Krise statt Entwarnung: Noch immer ist EHEC bundesweit auf dem Vormarsch

Berlin - Die EHEC-Seuche wird sich nach Einschätzung von Experten in Deutschland noch stärker ausbreiten. Dabei sei auch mit weiteren Todesopfern zu rechnen, sagten Experten nach einem Spitzentreffen von Bund, Ländern und Behörden am Montag in Berlin.

EHEC-Bakterien
EHEC-Bakterien (c) Niedersächsisches Gesundheitsamt
Bislang zählten die Behörden mindestens 14 Todesfälle; erstmals starben jetzt auch Erkrankte außerhalb Norddeutschlands an dem aggressiven Durchfallerreger. Aus Nordrhein-Westfalen wurden am Montag gleich zwei Todesfälle gemeldet. Mindestens drei US-Bürger, die sich zuvor in Deutschland aufgehalten hatten, sind nach Angaben der EU-Kommission ebenfalls an EHEC erkrankt.

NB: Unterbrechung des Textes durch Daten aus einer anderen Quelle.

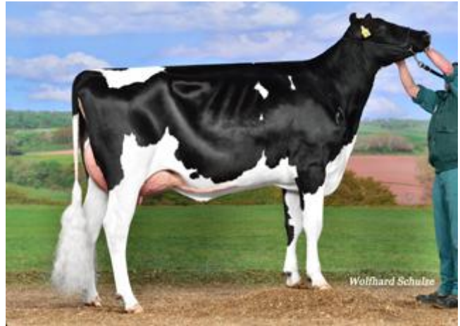
Suprem fullsister WKM Lady

Gesundheitsminister Daniel Bahr (FDP) zeigte sich nach dem Spitzentreffen in Berlin besorgt: «Ergebnis ist, dass leider weiter mit einer steigenden Fallzahl zu rechnen ist.» Es gebe Anzeichen, dass die Infektionsquelle weiter aktiv sei, sagte Bahr. «Es sind auch keine weiteren Todesfälle auszuschließen, sondern eher wahrscheinlich», ergänzte der Präsident des Robert Koch-Instituts (RKI), Reinhard Burger. Mittlerweile gebe es 353 bestätigte Fälle mit der schweren EHEC-Komplikation HUS (hämolytisch-urämisches Syndrom).

In nordrhein-westfälischen Bad Lippspringe starb eine 91-jährige Frau an den Folgen der gefährlichen Durchfallinfektion, im Kreis Gütersloh eine 40- bis 50-jährige Frau. Auch Mecklenburg-Vorpommern meldete die erste EHEC-Tote: Im Landkreis Parchim erlag eine 87-Jährige der Infektion. In Schleswig-Holstein starb ein 75-jähriger Mann. In 12 der 14 bundesweit registrierten Todesfälle handelt es sich um Frauen.

Verbraucherministerin Ilse Aigner (CSU) betonte: «EHEC hat längst eine europäische Dimension.» Sie verteidigte die Gemüsewarnung. Zum Schutz der Verbraucher sei es richtig gewesen, frühzeitig Verzehrhinweise zu geben. Auf die Frage, ob der Bund den Landwirten finanziell helfen werde, erklärte Bahr dem «Mindener Tageblatt» (Montag). Aigner sei mit den betroffenen Verbänden und der Ernährungsindustrie im Gespräch, «um einen guten Umgang mit diesem Problem zu finden».

Hamburgs Gesundheitssenatorin Cornelia Prüfer-Storcks (SPD) zeigte sich nach dem Spitzentreffen vorsichtig optimistisch mit Blick auf die EHEC-Welle. In der Hansestadt habe es zuletzt nur ein Viertel der Neufälle im Vergleich zu den vergangenen Tagen gegeben. «Es gibt eine gewisse Hoffnung.» Burger wollte sich dem nicht anschließen: Da es insgesamt kein nennenswertes Absinken der Fallzahlen gegeben habe, sei nicht davon auszugehen, dass die kontaminierten Lebensmittel verderblich waren und schon aufgegessen seien. Mit Blick auf die Versorgung der EHEC-Patienten versicherte Bahr: «Wir haben eine angespannte Situation, aber sie ist zu bewältigen.»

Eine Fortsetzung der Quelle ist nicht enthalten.